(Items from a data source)
****************

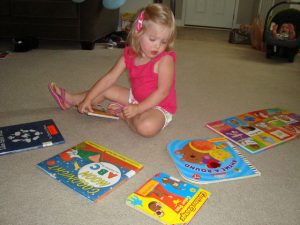 I decided to conquer the library with both kids on Monday (I took Macy a lot last summer, but I hadn’t braved taking both yet this year)…obviously I got some rest over the weekend and was feeling spunky…that or I’ve just finally lost all rational thought.  I had to get a book for preschool and decided that as long as we got out with the book I needed and without any huge meltdowns that I would consider the visit a success.  Well guess what!  Not only did I get the book I was looking for without a meltdown, but also got some books and a video for Macy and another book for me…and we left the library with all the other books intact!
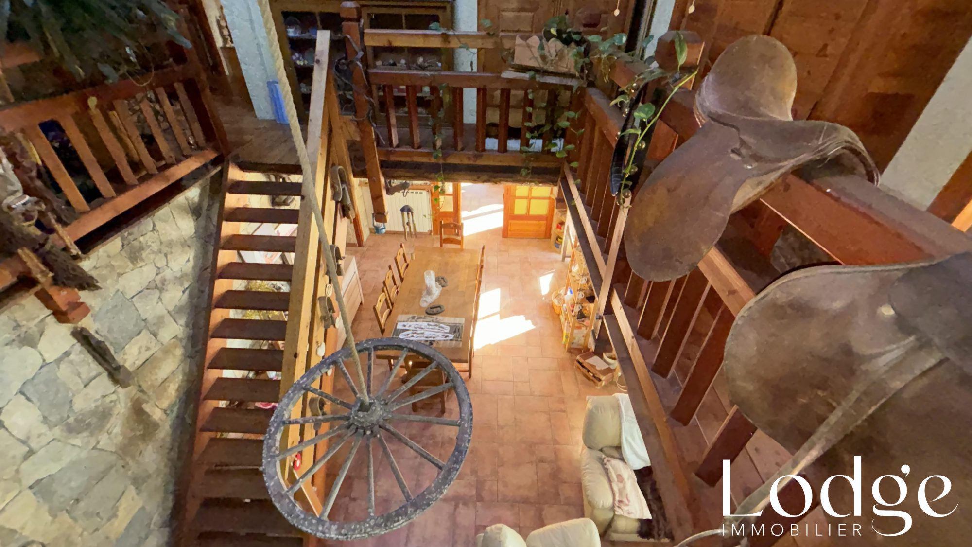 Hall d'entrée, superbe séjour cathédrale avec imposante cheminée, accès terrasse et jardin, spacieuse et lumineuse cuisine avec terrasse, bureau, chambre, salle de bains, wc.
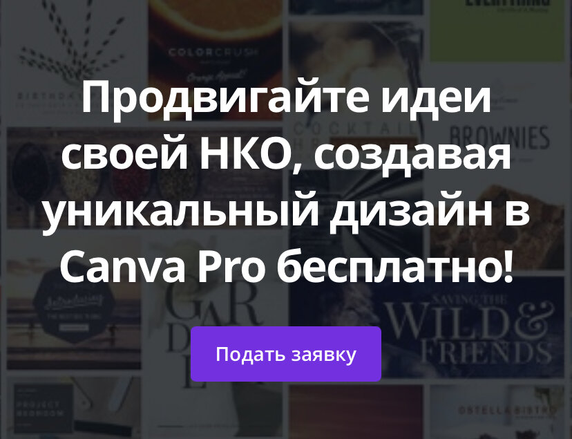 Возможности расширенной версии: Как подать заявку на бесплатный аккаунт: 1) Имя и фамилия, 2) Название НКО, 3) Веб-сайт, 4) Ваша роль, или занимаемая позиция, Сколько людей вовлечено в проект, 5) E-mail, на который зарегистрирован аккаунт Canva для использования вашей организацией, 6) Контактный электронный адрес, 7) Страна, где сосредоточена ваша деятельность, 8) Главная цель, к которой стремится ваша организация из списка ООН, 9) Чего вам уже удалось достичь на текущий момент. 3.Приложите сканы документов, подтверждающих статус НКО – это должно быть Свидетельство о регистрации некоммерческой организации, выданное Министерством юстиции РФ, и отметьте, что ознакомлены с Правилами и условиями использования. 4.Ожидайте проверку данных и обратную связь по указанному адресу. 5.Приступите к использованию Canva Pro со всеми ее преимуществами совместно с другими 10 участниками.
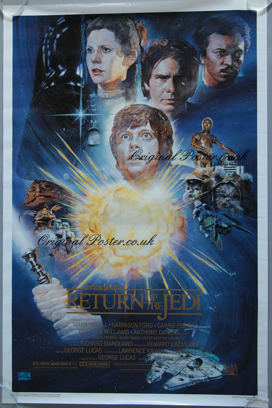 Special anniversary style "A" film poster for "Star Wars Return of the Jedi" with artwork by Kazuhiko Sano and released in 1994 - ten years after the first release by Killian Enterprises. This one is individually numbered with a printed number at the lower right of 000930. Rolled condition with no pinholes.
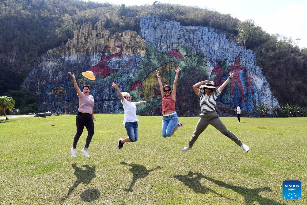 Imagen del 5 de mayo de 2025 de jóvenes turistas saltando frente al Mural de la Prehistoria, una obra de 80 metros de altura por 120 de ancho hecha sobre las rocas para representar el pasado geológico y biológico de la región, en el valle de Viñales, en la provincia de Pinar del Río, Cuba. La exuberante naturaleza del extremo occidental de Cuba y de manera particular de la localidad de Viñales, constituye un atractivo que el Ministerio de Turismo de la isla trata de desarrollar con la vista puesta en el mercado chino. (Xinhua/Joaquín Hernández)
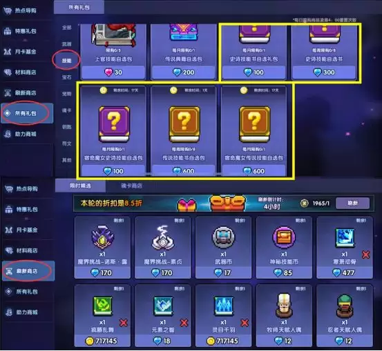 ③【商城】内购买:用钻石或者金币购买,在开荒期的推荐优先级不高。
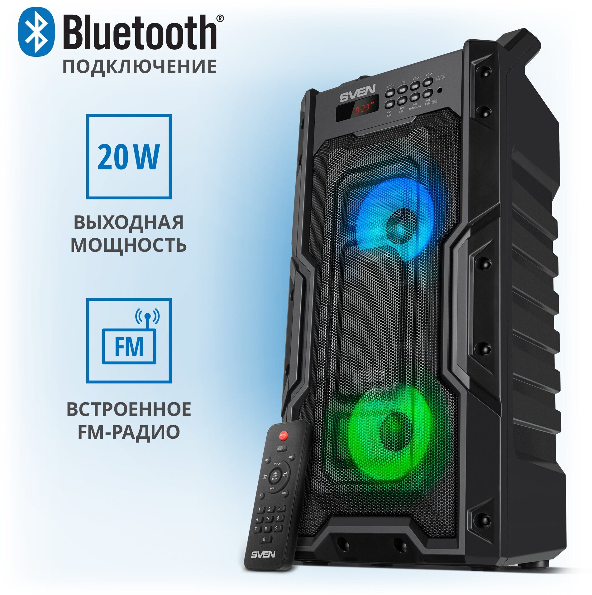 Колонка портативная беспроводная bluetooth SVEN PS-435, переносная с радио и ручкой для переноски / Колонка блютуз музыкальная акустическая с подсветкой / 20 Вт / TWS / USB / microSD / LED-дисплей / пульт / вход для караоке микрофона
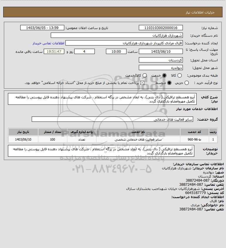 نام دستگاه خریدار:شهرداری هزارکانیان
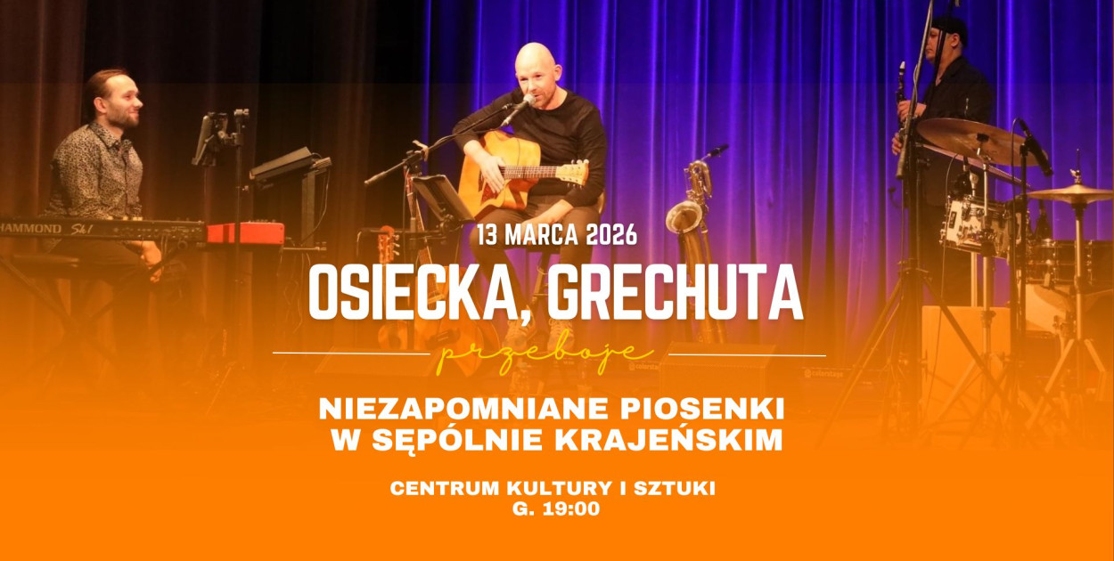 Mieszkańcy Sępólna Krajeńskiego i okolic będą mieli niepowtarzalną okazję, by przeżyć wieczór pełen wzruszeń i ponadczasowej muzyki. 13 marca 2026 roku o godzinie 19:00 w Centrum Kultury i Sztuki odbędzie się koncert „Osiecka, Grechuta – niezapomniane piosenki | Tomasz Steńczyk z zespołem”.
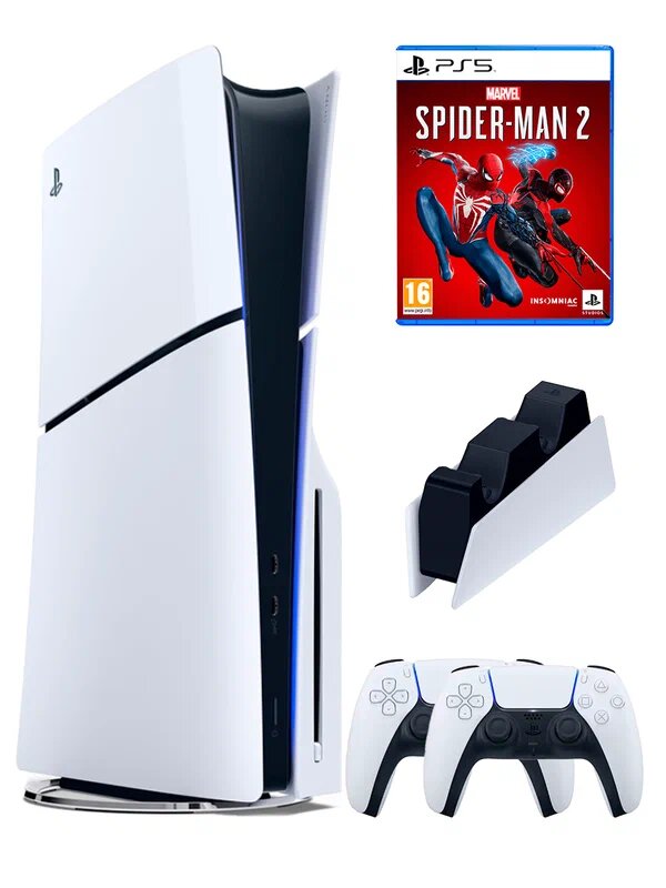 Купить PS5 (ПС5) Игровая приставка Sony PlayStation 5 Slim disc + 2-й геймпад + зарядное + игра Spider-Man2
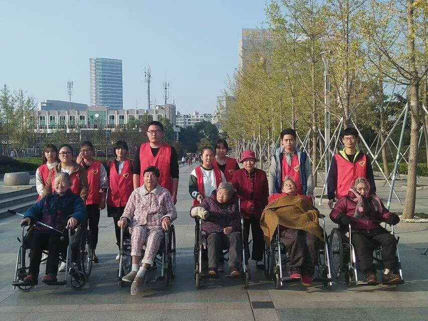 老年公寓在一条小巷子里,两层小楼。到达老年公寓后,首先志愿者们到达老人住的地方,帮老人们收拾屋子。然后,志愿者们推着几位老人去广场散心。在去广场的过程中,当其中的一位老人感到手凉时,周晨香同学急忙脱下毛衣,为老人盖上。回去的路上,老人跟同学们有说有笑,有了志愿者一行人的陪伴,老人们格外开心。
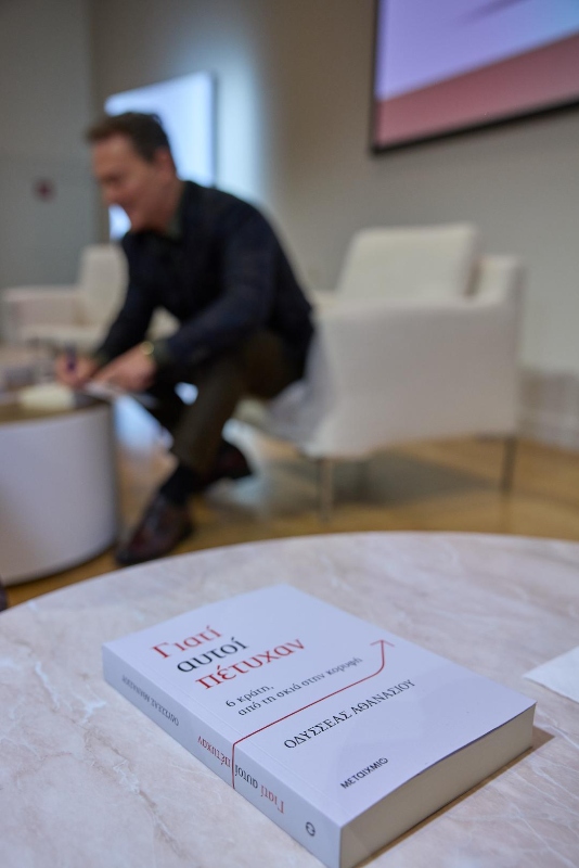 Η παρουσίαση του βιβλίου που πραγματοποιήθηκε στο κατάμεστο από κόσμο Αμφιθέατρο της Εθνικής Πινακοθήκης, κινήθηκε πάνω στα παραδείγματα αυτά, ανοίγοντας τον δρόμο σε μια σειρά από καίριες και πρωτότυπες σκέψεις γύρω από την έννοια της επιτυχίας σήμερα. Με το βλέμμα στραμμένο στους παράγοντες που επηρεάζουν την οικονομική ανάπτυξη, την πολιτική και κυρίως στον ρόλο του ανθρώπινου δυναμικού, ο συγγραφέας έθεσε ερωτήματα που αντανακλούν τις μεγάλες προκλήσεις αλλά και τις ευκαιρίες της εποχής μας.

****************

## Directions for this task:
Transcribe the records above exactly, leaving out every picture.

## Answer space:
 I decided to conquer the library with both kids on Monday (I took Macy a lot last summer, but I hadn’t braved taking both yet this year)…obviously I got some rest over the weekend and was feeling spunky…that or I’ve just finally lost all rational thought.  I had to get a book for preschool and decided that as long as we got out with the book I needed and without any huge meltdowns that I would consider the visit a success.  Well guess what!  Not only did I get the book I was looking for without a meltdown, but also got some books and a video for Macy and another book for me…and we left the library with all the other books intact!
 Hall d'entrée, superbe séjour cathédrale avec imposante cheminée, accès terrasse et jardin, spacieuse et lumineuse cuisine avec terrasse, bureau, chambre, salle de bains, wc.
 Возможности расширенной версии: Как подать заявку на бесплатный аккаунт: 1) Имя и фамилия, 2) Название НКО, 3) Веб-сайт, 4) Ваша роль, или занимаемая позиция, Сколько людей вовлечено в проект, 5) E-mail, на который зарегистрирован аккаунт Canva для использования вашей организацией, 6) Контактный электронный адрес, 7) Страна, где сосредоточена ваша деятельность, 8) Главная цель, к которой стремится ваша организация из списка ООН, 9) Чего вам уже удалось достичь на текущий момент. 3.Приложите сканы документов, подтверждающих статус НКО – это должно быть Свидетельство о регистрации некоммерческой организации, выданное Министерством юстиции РФ, и отметьте, что ознакомлены с Правилами и условиями использования. 4.Ожидайте проверку данных и обратную связь по указанному адресу. 5.Приступите к использованию Canva Pro со всеми ее преимуществами совместно с другими 10 участниками.
 Special anniversary style "A" film poster for "Star Wars Return of the Jedi" with artwork by Kazuhiko Sano and released in 1994 - ten years after the first release by Killian Enterprises. This one is individually numbered with a printed number at the lower right of 000930. Rolled condition with no pinholes.
 Imagen del 5 de mayo de 2025 de jóvenes turistas saltando frente al Mural de la Prehistoria, una obra de 80 metros de altura por 120 de ancho hecha sobre las rocas para representar el pasado geológico y biológico de la región, en el valle de Viñales, en la provincia de Pinar del Río, Cuba. La exuberante naturaleza del extremo occidental de Cuba y de manera particular de la localidad de Viñales, constituye un atractivo que el Ministerio de Turismo de la isla trata de desarrollar con la vista puesta en el mercado chino. (Xinhua/Joaquín Hernández)
 ③【商城】内购买:用钻石或者金币购买,在开荒期的推荐优先级不高。
 Колонка портативная беспроводная bluetooth SVEN PS-435, переносная с радио и ручкой для переноски / Колонка блютуз музыкальная акустическая с подсветкой / 20 Вт / TWS / USB / microSD / LED-дисплей / пульт / вход для караоке микрофона
 نام دستگاه خریدار:شهرداری هزارکانیان
 Mieszkańcy Sępólna Krajeńskiego i okolic będą mieli niepowtarzalną okazję, by przeżyć wieczór pełen wzruszeń i ponadczasowej muzyki. 13 marca 2026 roku o godzinie 19:00 w Centrum Kultury i Sztuki odbędzie się koncert „Osiecka, Grechuta – niezapomniane piosenki | Tomasz Steńczyk z zespołem”.
 Купить PS5 (ПС5) Игровая приставка Sony PlayStation 5 Slim disc + 2-й геймпад + зарядное + игра Spider-Man2
 老年公寓在一条小巷子里,两层小楼。到达老年公寓后,首先志愿者们到达老人住的地方,帮老人们收拾屋子。然后,志愿者们推着几位老人去广场散心。在去广场的过程中,当其中的一位老人感到手凉时,周晨香同学急忙脱下毛衣,为老人盖上。回去的路上,老人跟同学们有说有笑,有了志愿者一行人的陪伴,老人们格外开心。
 Η παρουσίαση του βιβλίου που πραγματοποιήθηκε στο κατάμεστο από κόσμο Αμφιθέατρο της Εθνικής Πινακοθήκης, κινήθηκε πάνω στα παραδείγματα αυτά, ανοίγοντας τον δρόμο σε μια σειρά από καίριες και πρωτότυπες σκέψεις γύρω από την έννοια της επιτυχίας σήμερα. Με το βλέμμα στραμμένο στους παράγοντες που επηρεάζουν την οικονομική ανάπτυξη, την πολιτική και κυρίως στον ρόλο του ανθρώπινου δυναμικού, ο συγγραφέας έθεσε ερωτήματα που αντανακλούν τις μεγάλες προκλήσεις αλλά και τις ευκαιρίες της εποχής μας.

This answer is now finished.